EXERCISE
Restate word for word the entries below, starting at the line with "Minimalist Yün Karışımlı Kaşmir Uzun Hırka" and ending at the line with "Step up your". Keep both end lines and omit the pictures.

PROVIDED DATA
Content starts

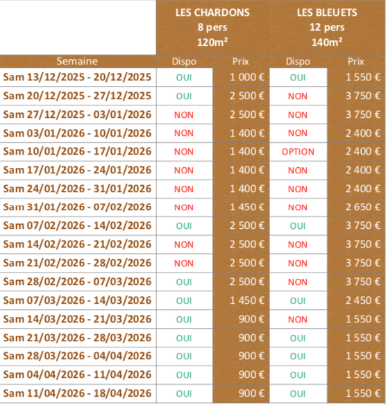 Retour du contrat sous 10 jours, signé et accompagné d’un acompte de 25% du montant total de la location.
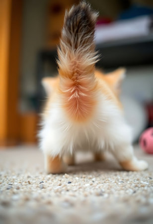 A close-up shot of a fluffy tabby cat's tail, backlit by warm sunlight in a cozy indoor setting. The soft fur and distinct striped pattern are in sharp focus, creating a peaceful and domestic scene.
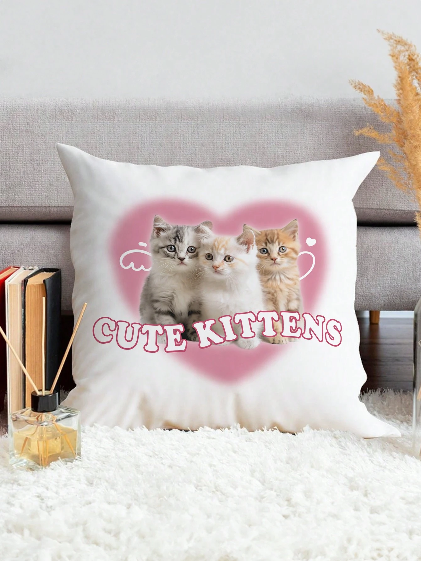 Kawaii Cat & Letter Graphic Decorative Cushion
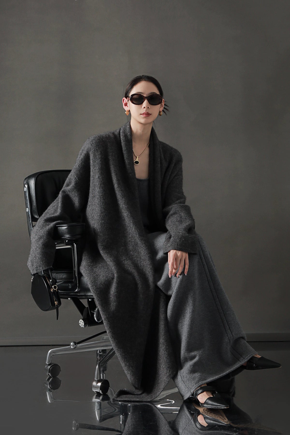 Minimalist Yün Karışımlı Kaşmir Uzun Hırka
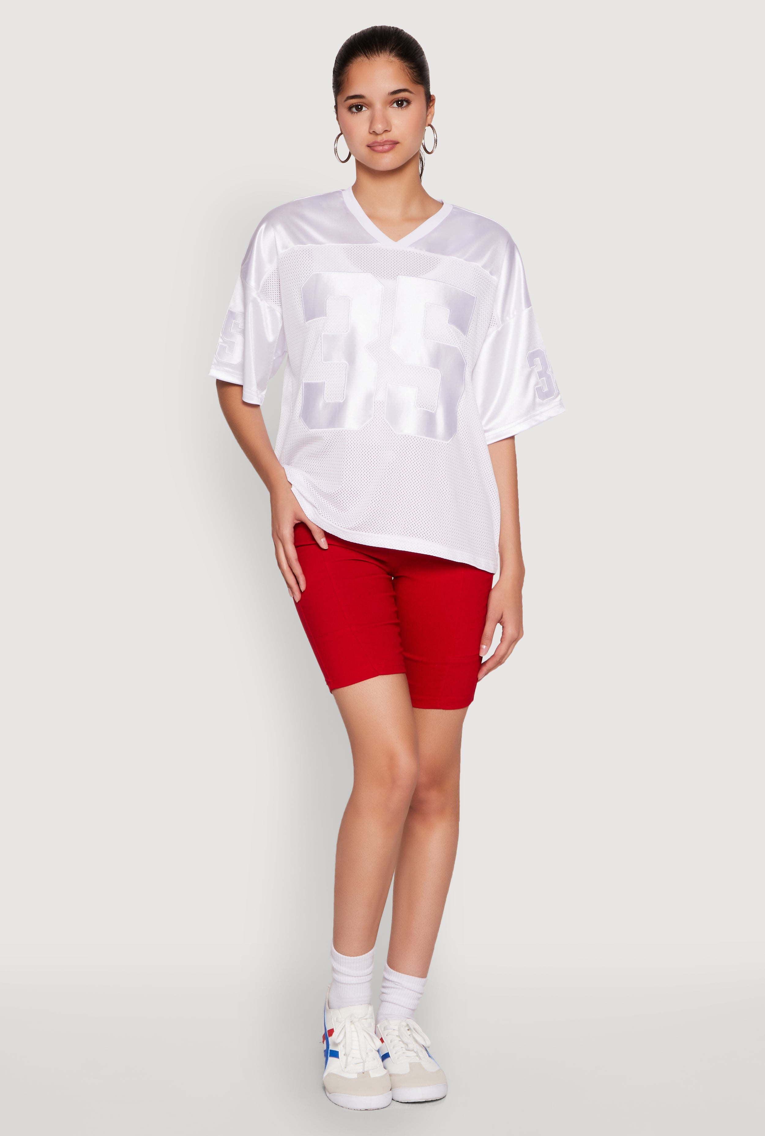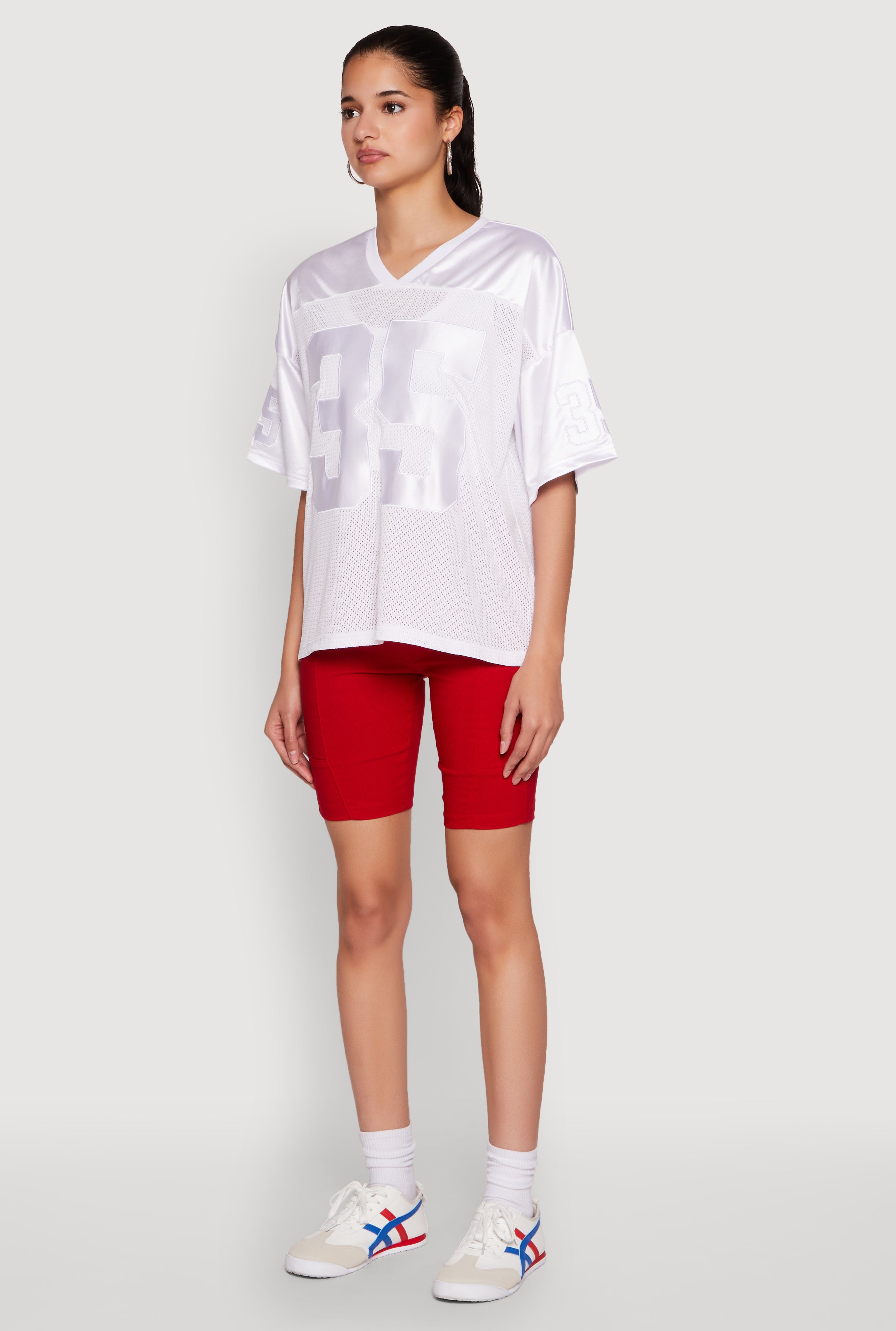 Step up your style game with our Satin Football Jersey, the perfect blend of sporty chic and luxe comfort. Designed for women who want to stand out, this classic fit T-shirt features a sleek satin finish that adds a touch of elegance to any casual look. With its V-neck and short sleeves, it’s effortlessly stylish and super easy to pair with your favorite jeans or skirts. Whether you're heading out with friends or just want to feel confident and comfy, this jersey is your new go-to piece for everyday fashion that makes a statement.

Content ends
Content starts

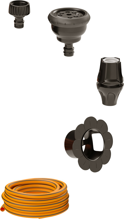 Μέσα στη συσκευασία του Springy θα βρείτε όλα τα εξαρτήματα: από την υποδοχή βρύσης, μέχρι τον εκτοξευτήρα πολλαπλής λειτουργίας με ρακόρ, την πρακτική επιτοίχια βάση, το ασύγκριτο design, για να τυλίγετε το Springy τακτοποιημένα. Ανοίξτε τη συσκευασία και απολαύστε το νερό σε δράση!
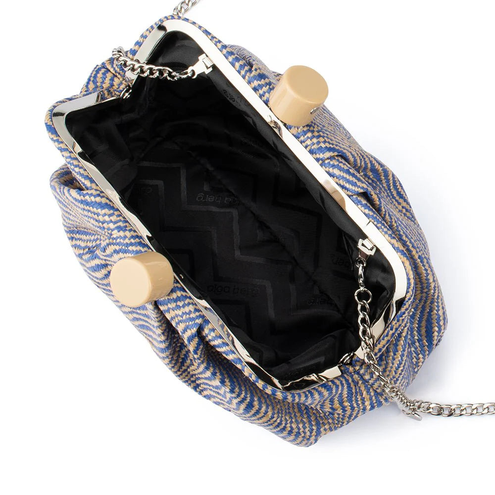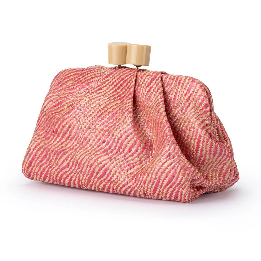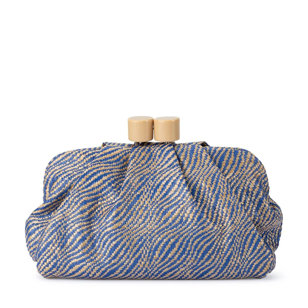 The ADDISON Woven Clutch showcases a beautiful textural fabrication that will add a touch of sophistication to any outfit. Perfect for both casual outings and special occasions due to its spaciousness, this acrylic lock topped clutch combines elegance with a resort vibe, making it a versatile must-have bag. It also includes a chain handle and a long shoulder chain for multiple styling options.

Content ends

EXERCISE ANSWER
 Minimalist Yün Karışımlı Kaşmir Uzun Hırka
 Step up your style game with our Satin Football Jersey, the perfect blend of sporty chic and luxe comfort. Designed for women who want to stand out, this classic fit T-shirt features a sleek satin finish that adds a touch of elegance to any casual look. With its V-neck and short sleeves, it’s effortlessly stylish and super easy to pair with your favorite jeans or skirts. Whether you're heading out with friends or just want to feel confident and comfy, this jersey is your new go-to piece for everyday fashion that makes a statement.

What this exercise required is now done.